A YouTube channel that had been implicated in Russia disinformation operations to target the U.S. 2016 election has been taken down by Google, TechCrunch said.

Earlier this week The Daily Beast claimed the channel, run by two black video bloggers calling themselves Williams and Kalvin Johnson, was part of Russian disinformation operations — saying this had been confirmed to it by investigators examining how social media platforms had been utilized in a broad campaign by Russia to try to influence US politics.

The two vloggers apparently had multiple social media accounts on other platforms. And their content was pulled from Facebook back in August after being identified as Russian-backed propaganda, according to the Daily Beast’s sources.

Videos posted to the YouTube channel, which was live until earlier this week, apparently focused on criticizing and abusing Hillary Clinton, including accusing her of being a racist as well as spreading various conspiracy theories about the Clintons, along with pro-Trump commentary.
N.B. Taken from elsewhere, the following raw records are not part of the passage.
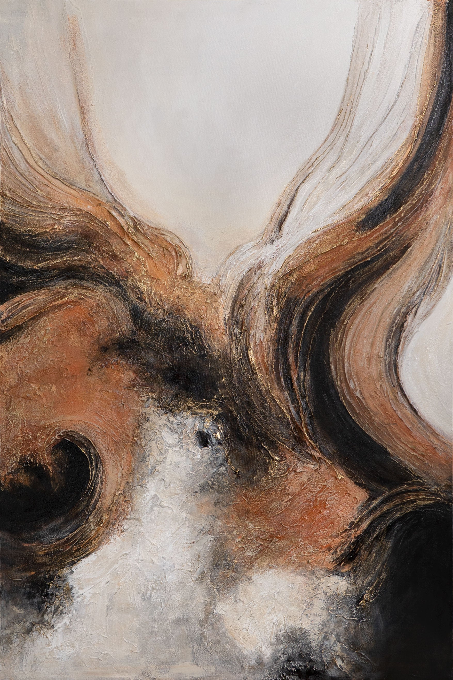"Element in Motion" is a hand-painted acrylic painting that captivates with its dynamic forms and contrasting color gradients. Dark black accents blend with warm brown and beige tones, while the textured surface creates depth and vibrancy. The relief-like design brings movement to the image, making it a striking piece of modern wall art.
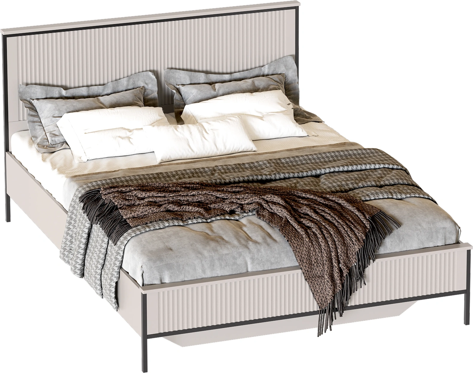 Кровать выполнена в двух вариантах исполнения: Металл Бруклин / Графит и Персидский жемчуг / Персидский жемчуг.
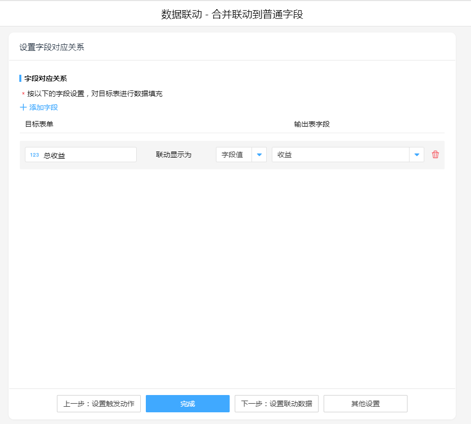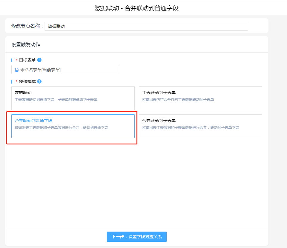 5.添加执行动作数据联动,选择操作模式合并联动到普通字段,并将字段与计算结果进行对应。

The content appeared intended for an African American audience, although the videos did not gain significant traction on YouTube, according to The Daily Beast, which said they had only garnered “hundreds” of views prior to the channel being closed (vs the pair’s Facebook page having ~48,000 fans before it was closed, and videos uploaded there racking up “thousands” of views).

A Google spokesman ignored the specific questions we put to it about the YouTube channel, sending only this generic statement instead: “All videos uploaded to YouTube must comply with our Community Guidelines and we routinely remove videos flagged by our community that violate those policies. We also terminate the accounts of users who repeatedly violate our Guidelines or Terms of Service.”

So while the company appears to be confirming it took the channel down it’s not providing a specific reason beyond TOS violations at this stage. (And the offensive nature of the content offers more than enough justification for Google to shutter the channel.)